- [What to produce] Give again the lines from the line with "Chain-embellished mélange wool" to the last line of the records, exactly and in full. Do not carry over any pictures.

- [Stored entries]
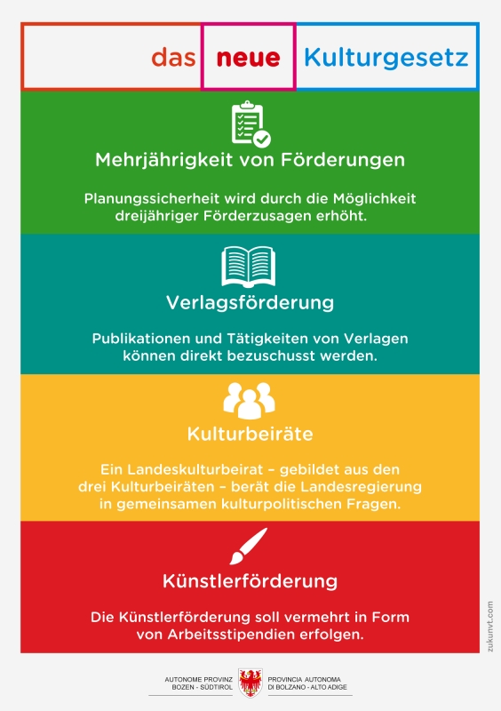 Weitere wichtige Neuerungen betreffen beispielsweise die Möglichkeit der direkten Verlagsförderung für Publikationen und Übersetzungen mit besonderem Südtirolbezug sowie die Film- und Medienförderung für Produktionen mit einem kulturellen und dokumentarischen Wert. Der Kreis der Anspruchsberechtigten wird dabei auf Produktionsgesellschaften und junge Filmschaffende ausgeweitet.
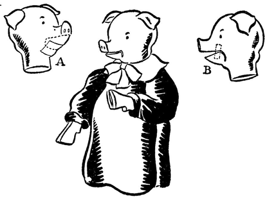 You may wish to know how puppets found their way from Italy to France. There were two brothers, Giovanni and Francesco Briocchi. Francesco was a skilful wood carver and mechanic. Giovanni was very clever with his speeches and jokes. As children, they loved marionettes. They hardly knew which they enjoyed more, sitting in the audience watching the play, or standing behind the stage watching their friends manipulate the puppets. They decided that when they grew up they would be puppeteers, make their own puppets and travel from town to town and to the fair land of which they had heard so many interesting tales. This they did. Giovanni made the figures skilfully and dressed them beautifully. Francesco made them say and do such clever and amusing things that their fame went before them into small towns and into the large cities. When they had made enough money they said, “Now we can go to France. We can easily carry our little stage and puppets on 16our backs. We can earn our way by giving plays.” This they did, to the delight of all who saw them. Finally they reached the city of Paris. In those days great fairs were held where people came to buy and sell and to make merry. Here was just the place for Giovanni and Francesco. When the fairs became permanent the brothers decided to settle down and make a real home for their marionettes. This at first was a simple kind of theater, but later came to have every beautiful thing that French taste and ingenuity could provide. One day the king and queen made them a visit and engaged them to come out to their beautiful château at St. Germain en Laye and give puppet plays for their young son, the dauphin, and his friends. In the records of France you may still see the account as it stands: “Sept. 1669, to Jean Briocchi, divertir les enfants de France, 1365 livres.” When the Frenchmen saw the success of the Italian showmen, they, too, began to make puppets and to take them to the places where people gathered who might be willing to spend a few sous for entertainment. Among these was an old dentist, who found it difficult to earn a living. He made some marionettes and a clever little boxlike stage with a curtain about it. It was just large enough for him to stand inside and manipulate the puppets. He decided to take his stand to the Pont Neuf, one of the principal bridges of Paris. Here he would pull teeth when anyone needed his services and for the rest of the time would entertain the people. He had also a very celebrated monkey, called Fagotin, that he knew would attract 17a crowd. Fagotin he dressed as a sentry, gave him a sword, and trained him to march up and down in front of the little puppet booth. One day a great poet, whose name was Cyrano de Bergerac, was crossing the bridge and stopped, as did most of the people, to see Fagotin and the puppets. It happened that the poet had a very large nose and was a very sensitive person. When he saw Fagotin marching up and down and making grimaces, he thought he must surely be making fun of his large nose. At this, the poet was so angry that he challenged him to a duel. Poor little Fagotin drew his sword with the air of a master of the foils, only to be slain by the irate poet.
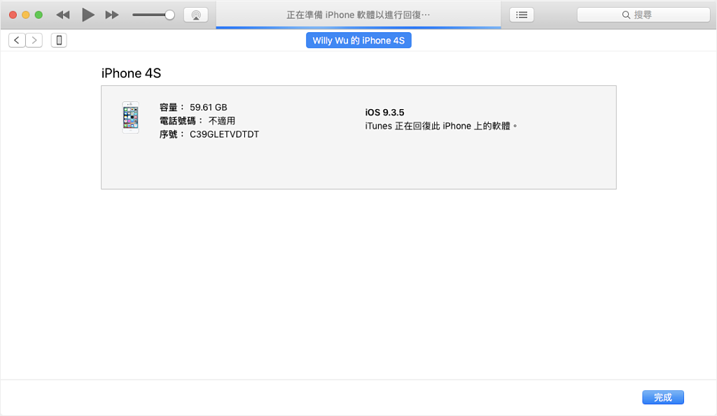 接下來 iTunes 就會開始幫 iPhone 4S 降級,大約 10 分鐘左右可以降級完成。
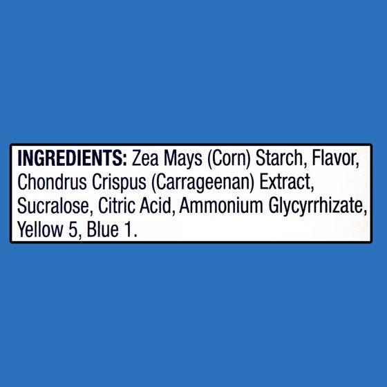 Zea Mays (Corn) Starch, Flavor, Chondrus Crispus (Carrageenan) Extract, Sucralose, Citric Acid, Ammonium Glycyrrhizate, Yellow 5, Blue 1
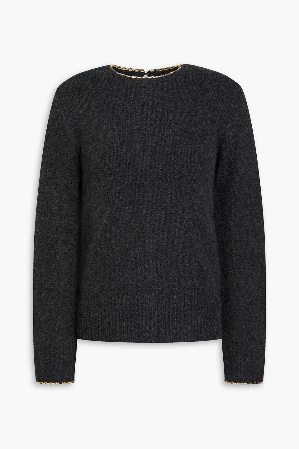 Chain-embellished mélange wool and cashmere-blend sweater
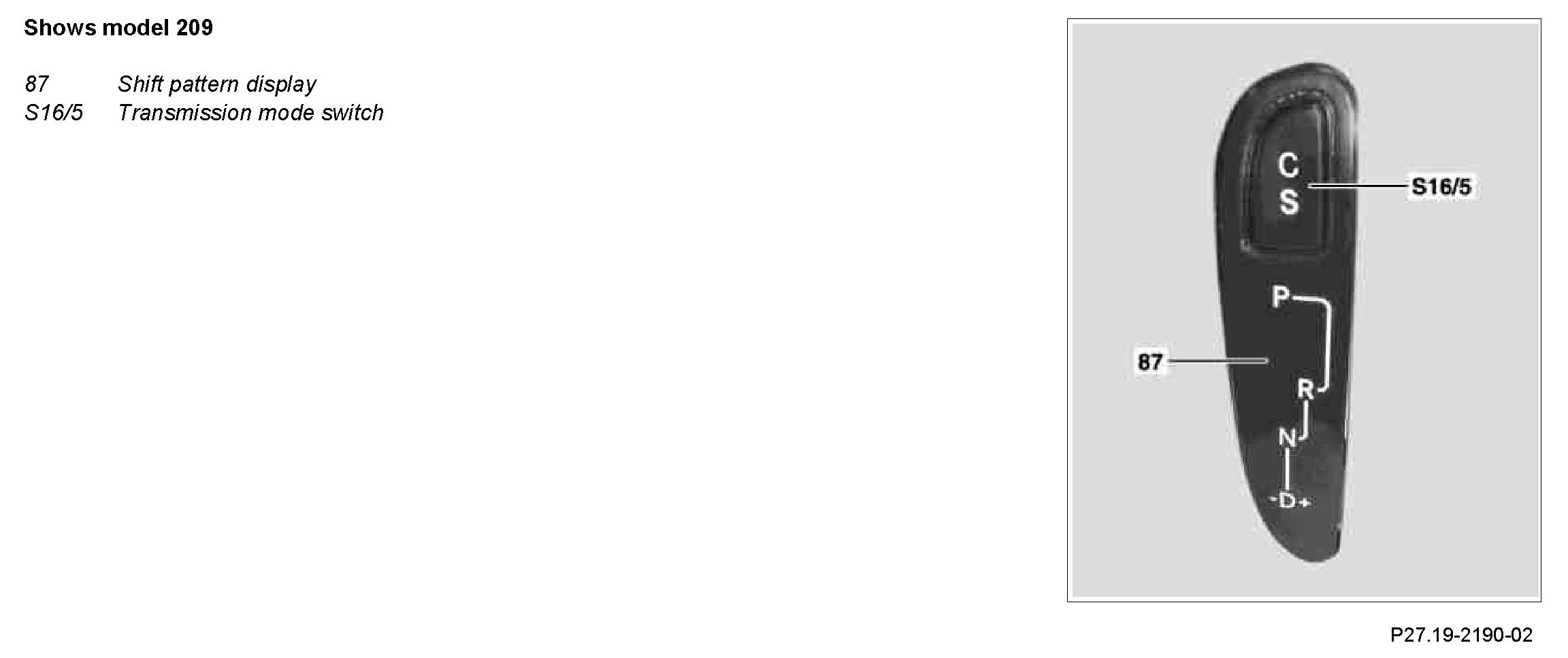 The program selection performed at the transmission mode switch (S16/5) only remains stored after a driving time of approx. 1 minute and is then displayed again once the engine is started again. The driving time of approx. 1 minute is necessary because of the system. The selector diagram system of symbols (87) is illuminated when the driving lamps are switched on

- [Output of the task]
 Chain-embellished mélange wool and cashmere-blend sweater
 The program selection performed at the transmission mode switch (S16/5) only remains stored after a driving time of approx. 1 minute and is then displayed again once the engine is started again. The driving time of approx. 1 minute is necessary because of the system. The selector diagram system of symbols (87) is illuminated when the driving lamps are switched on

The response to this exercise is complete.